In London Davis Polk has been the odd one out in its peer group for a long time. Equally, it will take time to do what’s necessary.
“The market will expect it to do something significant, which means more hires and much more investment,” says a City partner. “It doesn’t expect the partners that it’s hired to simply sit there and live off the brand in a nice safe house for five years until they retire, although that’s always a possibility.”
There’s an old saying that if a firm appoints a Scottish or Dutch managing partner, it wants to focus on the money. With Reid at the firm’s helm, it is unlikely that simply sitting there and living off the brand is now an option at Davis Polk.
Davis Polk did not comment.
Reid between the lines
Davis Polk managing partner Tom Reid’s role in the attempt to re-energise Davis Polk is central.
“Reid’s not just a Brit, he’s a Scot,” says one legal market consultant familiar with the Davis Polk head. “He grew up in Kirkcaldy in Fife and has come a long way. Phenomenal. He has a first-class honours degree in law at Edinburgh, an outstanding achievement. He has the capabilities upstairs and clearly has the ambition to go with it. And I’d say he hasn’t received the recognition his achievements deserve.”
The ambitious Reid, 48 this year, left Scotland for New York soon after graduating. He joined Davis Polk as an associate in 1987 and was elected partner in 1995, working in its New York and London offices.
In 2000 Reid left the firm to join Morgan Stanley as a managing director in its investment banking division in London.

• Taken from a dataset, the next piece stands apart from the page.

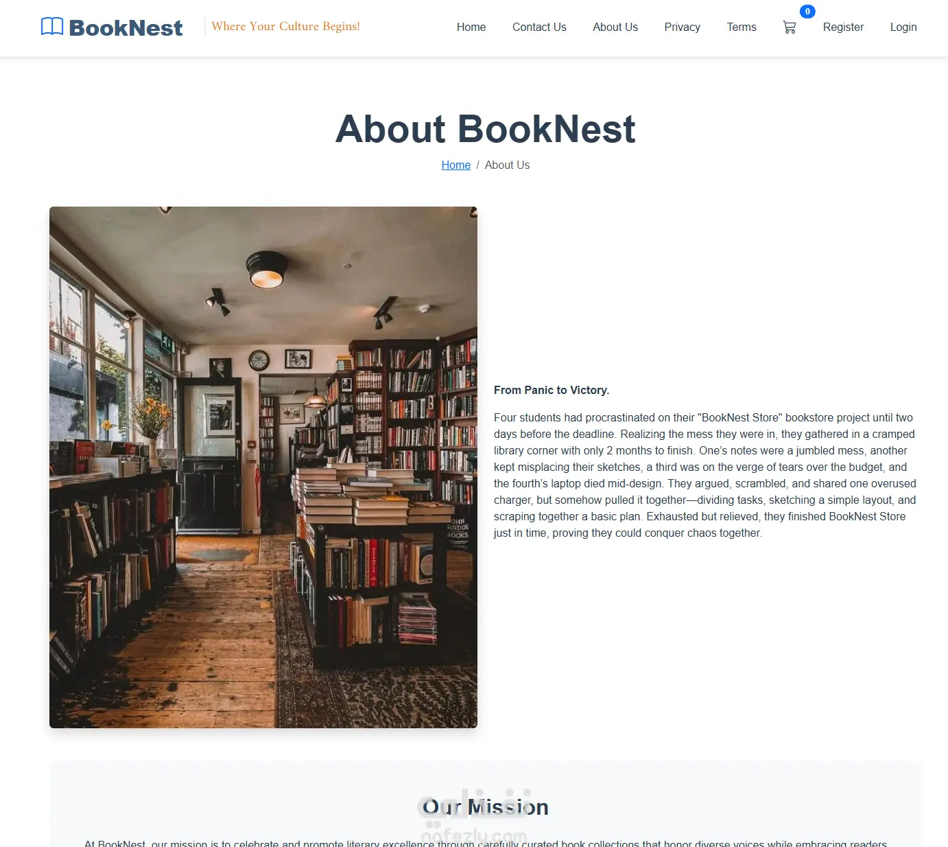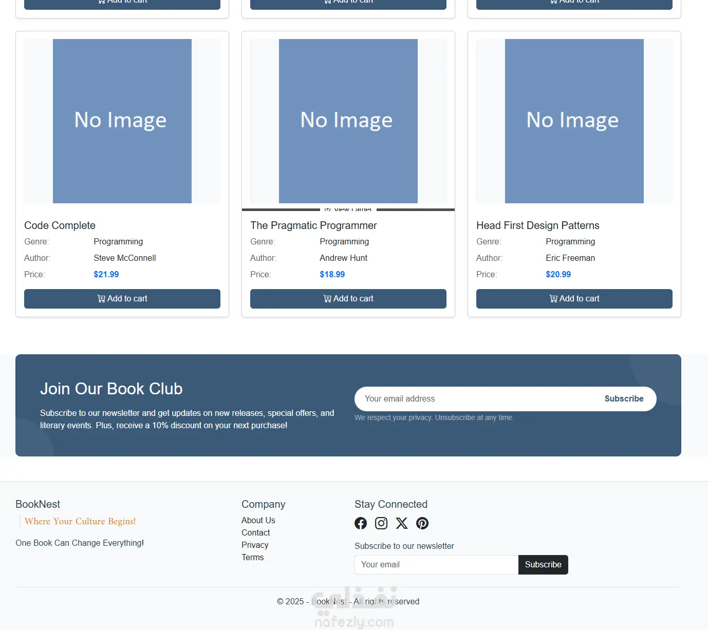 BookNest هو تطبيق ويب يهدف إلى تسهيل إدارة وحجز الكتب. تم تطويره باستخدام تقنيات HTML, CSS, C#, SQL مع التركيز على واجهة بسيطة وسهلة الاستخدام تضمن تجربة مريحة للمستخدم. -المشروع يقدم مجموعة من الخصائص المهمة، من بينها: -إدارة الكتب بإضافة بيانات جديدة أو تعديلها أو حذفها. -البحث عن الكتب بشكل سريع وفعّال. -إدارة حسابات المستخدمين مع إمكانية تحديد الصلاحيات. -نظام متكامل للحجز وتتبع حالة الكتب. -قاعدة بيانات منظمة وآمنة لحفظ المعلومات. تم تطوير BookNest مع الحرص على كتابة كود نظيف وقابل للتطوير في المستقبل، مما يجعله مشروعاً عملياً يمكن البناء عليه وتوسيعه.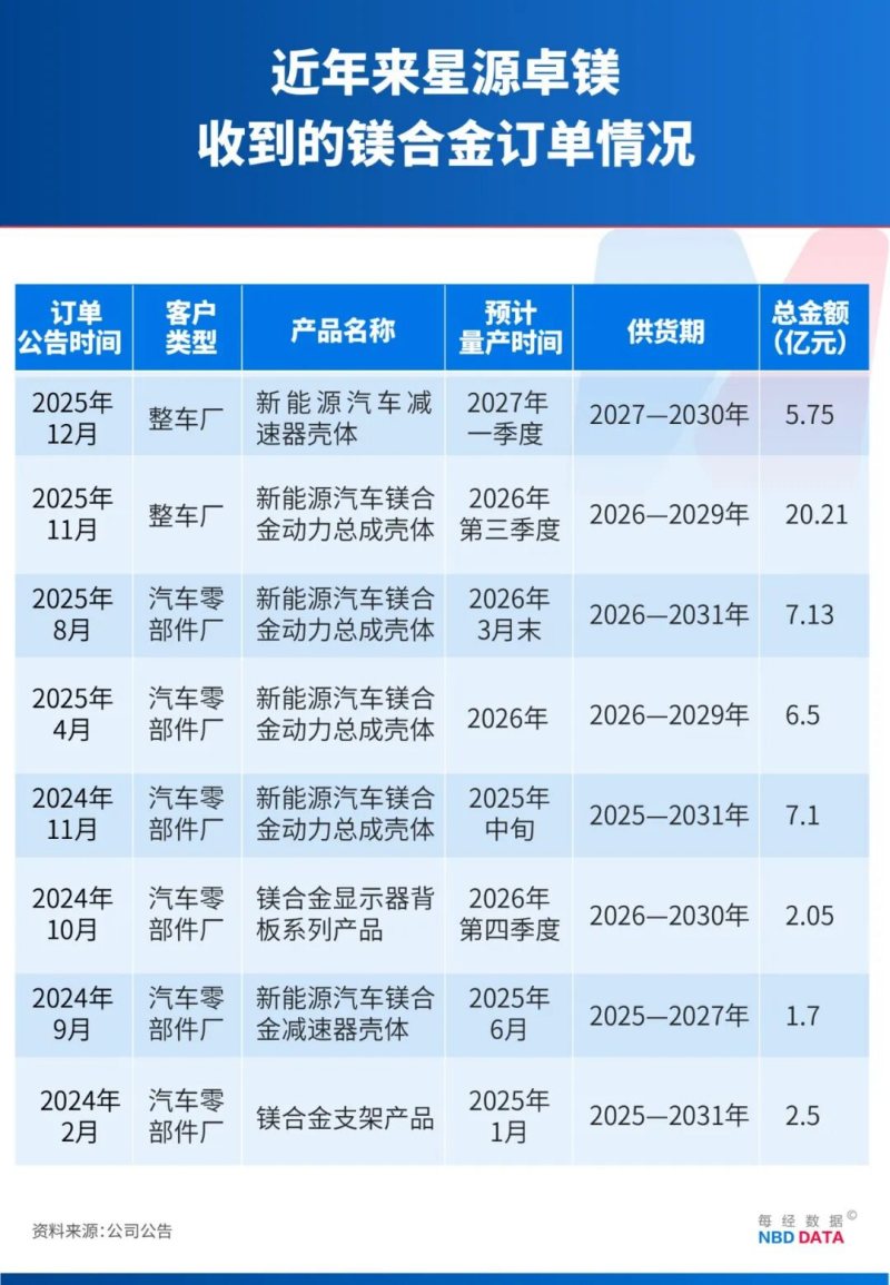 从白云石(一种以碳酸钙镁为主要成分的天然矿物)资源开采、冶炼提纯、合金配方优化,到半固态成型等核心工艺,我国已经实现了全链条关键环节的自主可控,不存在被海外“卡脖子”的风险,供给稳定性和安全性极高。 这种全产业链的掌控力,意味着当汽车行业的需求爆发时,国内能够迅速响应,形成规模效应,进一步巩固成本优势。“汽车行业是镁合金的绝对消费主力,占比高达70%,主要用于仪表板支架、座椅骨架、方向盘等部件,正开辟全新的增长曲线。”广西汽车集团方面称。 面对这一历史性机遇,国内产业链各环节的企业已开始加速布局。在上游,宝武镁业已形成完整的产业链闭环。 五矿证券研报提到,截至2025年4月底,宝武镁业拥有10万吨原镁产能及20万吨镁合金产能。另外,公司在周湖新建5万吨原镁产能,在五台新建10万吨原镁和10万吨镁合金,在青阳新建25万吨原镁和30万吨镁合金产能。新建产能投入后,合计原镁和镁合金将会分别达到50万吨和60万吨。 在中游制造端,一批技术壁垒高、成长性强的企业正成为价值高地。星源卓镁深耕高端镁铝压铸领域,其产品已应用于宝马、奥迪、保时捷、蔚来等多个品牌。春秋电子则从消费电子结构件领域跨界而来,凭借在镁铝结构件加工精度、速度和良率上的优势,已切入小米、蔚来、小鹏、比亚迪等车企的供应链。 东兴证券在其研报中预测,全球汽车行业镁合金需求将从2025年的42.1万吨增长至2028年的106.1万吨,年均复合增长率高达36%。

He rejoined the firm in 2003 and featured on its management committee as head of the corporate department.
Numerous sources confirm that Reid will have been an integral part of the decision-making process leading up to Davis Polk’s strategic U-turn.

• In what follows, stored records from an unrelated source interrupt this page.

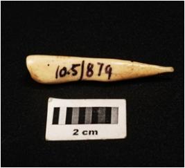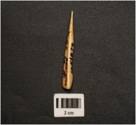 | Description / विवरण | Bone point, small in size having polished surface, slightly broken pointed end, triangular section and cream in colour. |
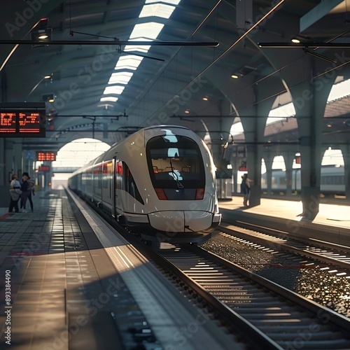 © Sergii, Fototapeta premium A modern train station in the golden hour with high-speed trains and geometric architecture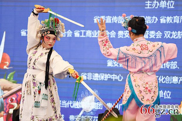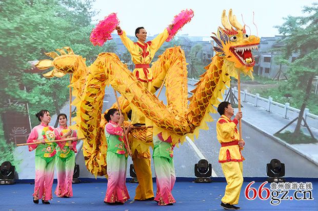 随后,瓮安县人民政府代表进行旅游推介,活灵活现的把瓮安旅游资源风貌展现在观众眼前。接着八个非遗展演节目依次进行,包括热情奔放的《苗族搓梗仔采阿诗舞》、极具特色的《瓮安本地调》、悠扬高亢的《唢呐演奏》、别有风趣的《金钱杆》、明朗风趣的《灯夹戏》、激越奔放的《苗族板凳舞》、栩栩如生的《彩龙表演》,让人目不暇接。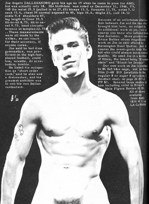 Joe's picture was last included in the magazine in 1975. On his page, it notes that Andy Warhol "used Joe in a number of films, the latest being Frankenstein and Blood for Dracula.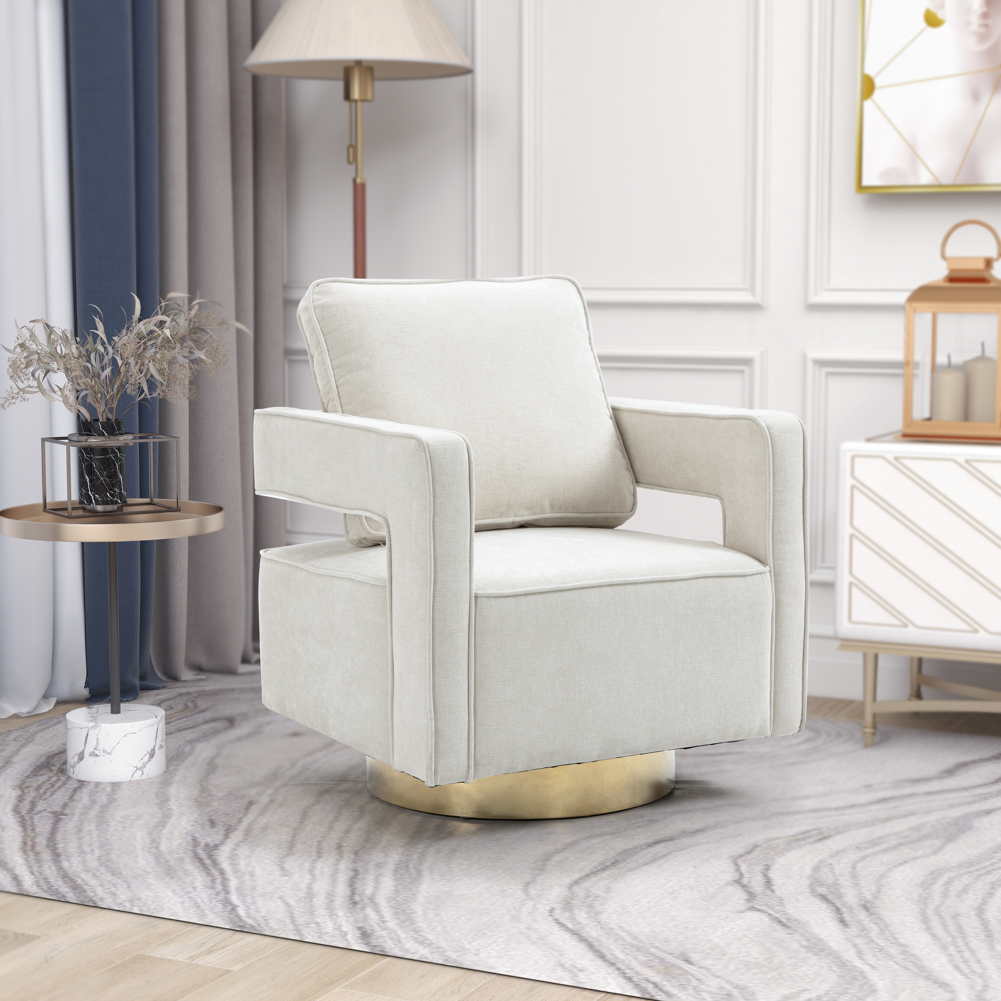 30.7'W Swivel Accent Open Back Chair Modern Comfy Sofa Chair With Gold Stainless Steel Base For Nursery Bedroom Living Room Hotel Office, Club Chair Leisure Arm Chair For Lounge (Beige Chenille)
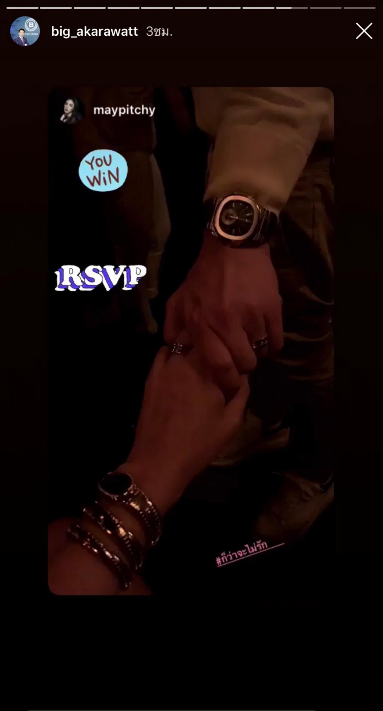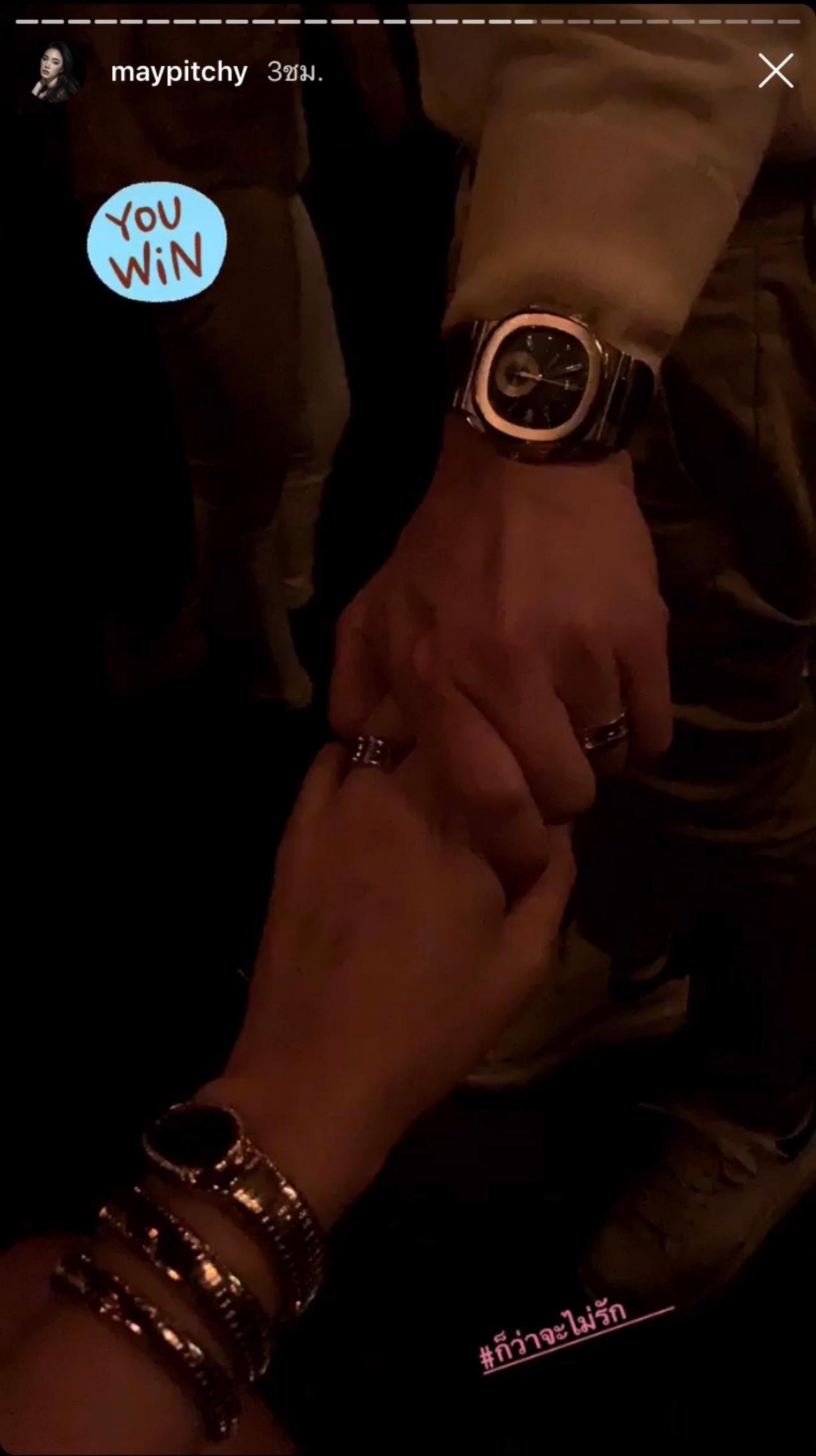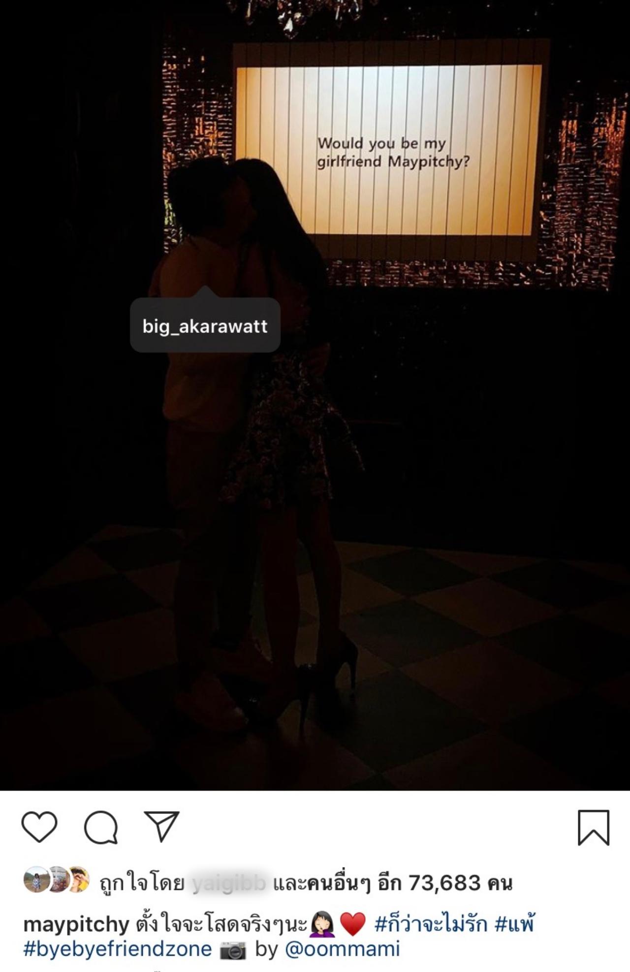หลังจากที่ไล่ย้อนดูไทม์ไลน์ของเมย์และบิ๊ก ก็จะเห็นว่าทั้งคู่น่าจะเริ่มคุยกันมาสักระยะแล้ว เพราะจะมีหนุ่มบิ๊กมาร่วมกิจกรรมต่างๆ อยู่บ่อยครั้งอีกด้วย และล่าสุด ในอินสตาแกรมของทั้งคู่ก็ได้เผยภาพที่หนุ่มบิ๊กทำเซอร์ไพรส์ของสาวเมย์เป็นแฟน โดยเมย์ได้เขียนแคปชั่นว่า “ตั้งใจจะโสดจริงๆนะ #ก็ว่าจะไม่รัก #แพ้” พร้อมแฮชแท็กว่า “byebyefriendzone”

“Tom Reid was the only candidate for senior partner,” claims one partner familiar with Reid. “His platform, no question, was that he would be the biggest change agent he could be. He’s not a politician, doesn’t go softly-softly. He’ll tell you you’re shit. He absolutely won’t have been voted in to carry on the status quo. Tom Reid’s strategy is to copy Sullivan & Cromwell. He hasn’t made a bad start either with Witty.”
As another puts it, “Tom Reid is a fabulous lawyer, I have lots of respect for him but he’s trying to make big changes at Davis Polk. There are a lot of partners that aren’t contributing all that much. From what I hear he’s started holding partners much more accountable and there’s a significant increase in focus on performance.”
Virtually universal praise for Reid the lawyer and manager then, but the consensus in the market is that he and Davis Polk have a real challenge on their hands closing the gap between it and the likes of Sullivan and Simpson Thacher.
M&A: the Davis Polk/Slaughters link
Since 2008 Davis Polk and Slaughters have appeared as co-counsel on 19 M&A deals worldwide, worth in excess of $35bn, according to data provided by Thomson Reuters.
Highlights include the August 2011 $12.45bn acquisition of Libertyville-based communication products manufacturer Motorola Mobility by Google, the $3.25bn acquisition by Apache of BP’s Western Canadian upstream gas assets in July 2010 and the acquisition by Emerson Electric subsidiary Rutherfurd Acquisitions of Chloride Group for $1.49bn, also in 2010.
The two firms have also featured on opposite sides of the table, notably on the $12.2bn acquisition of Dublin-based electrical and lighting equipment manufacturer Cooper Industries by Eaton Corp, with Slaughters partner John Boyce providing competition advice in a team that also featured Wachtell partner Dan Neff opposite Davis Polk and half a dozen other firms.
Slaughters and Wachtell also teamed up for the $10.1bn merger of Intercontinental Exchange and NYSE Euronext.